**PROBLEM TO SOLVE:**
Only the lines from the one with "Eu sou Luiza." through the last line of the data below are to be duplicated, exactly and without pictures.

**DATA EXTRACT:**
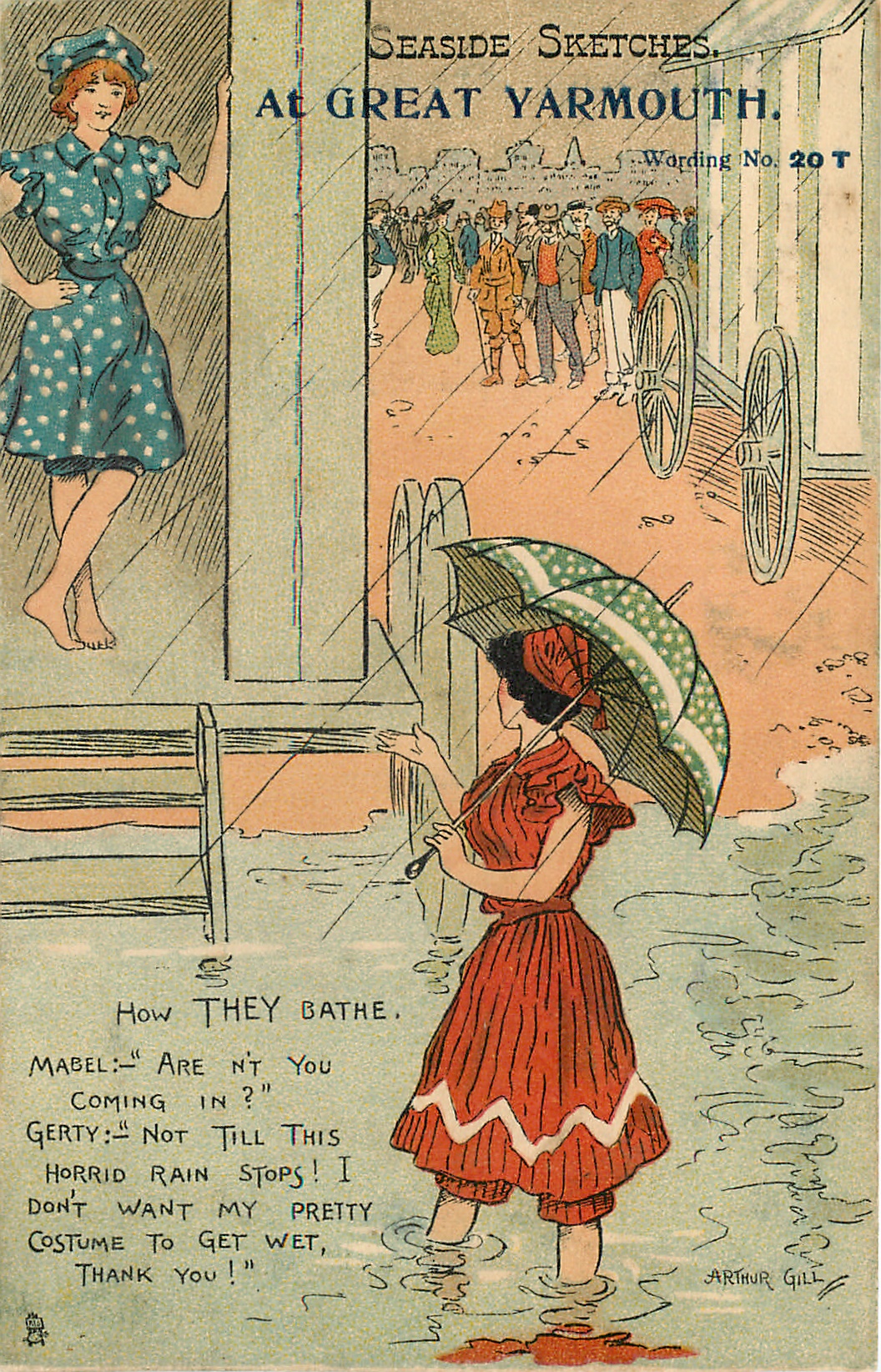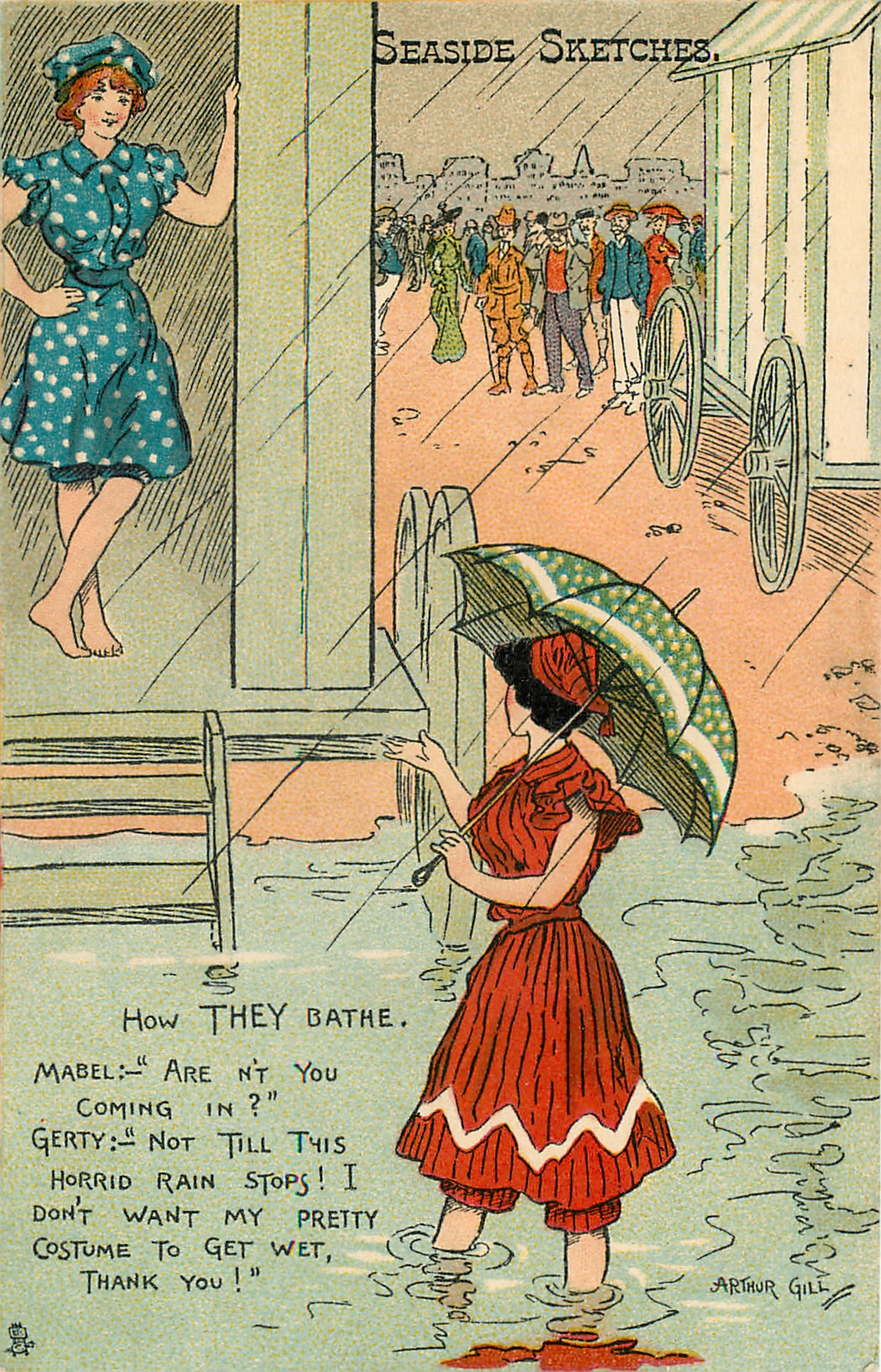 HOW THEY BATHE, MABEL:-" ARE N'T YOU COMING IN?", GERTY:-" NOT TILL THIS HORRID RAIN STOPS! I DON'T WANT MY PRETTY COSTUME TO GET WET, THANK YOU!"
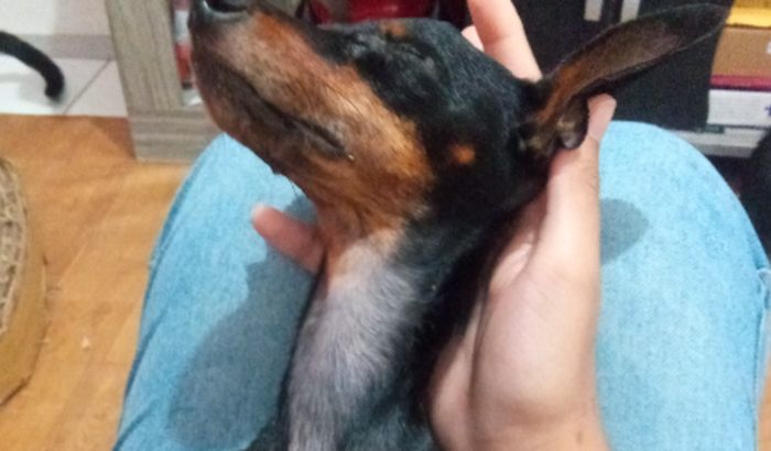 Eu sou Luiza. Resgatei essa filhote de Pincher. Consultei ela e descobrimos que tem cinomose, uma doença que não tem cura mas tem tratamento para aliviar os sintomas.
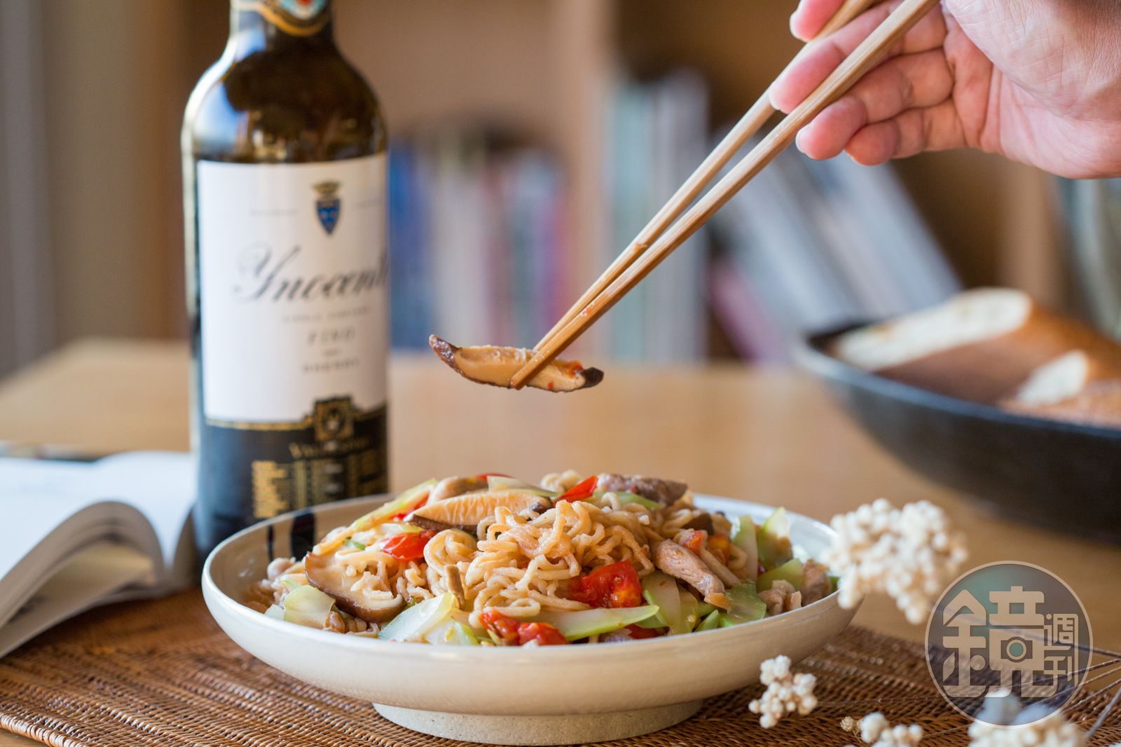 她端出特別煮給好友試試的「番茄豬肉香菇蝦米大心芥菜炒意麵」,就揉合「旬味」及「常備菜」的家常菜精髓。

**RESPONSE TO THIS EXERCISE:**
 Eu sou Luiza. Resgatei essa filhote de Pincher. Consultei ela e descobrimos que tem cinomose, uma doença que não tem cura mas tem tratamento para aliviar os sintomas.
 她端出特別煮給好友試試的「番茄豬肉香菇蝦米大心芥菜炒意麵」,就揉合「旬味」及「常備菜」的家常菜精髓。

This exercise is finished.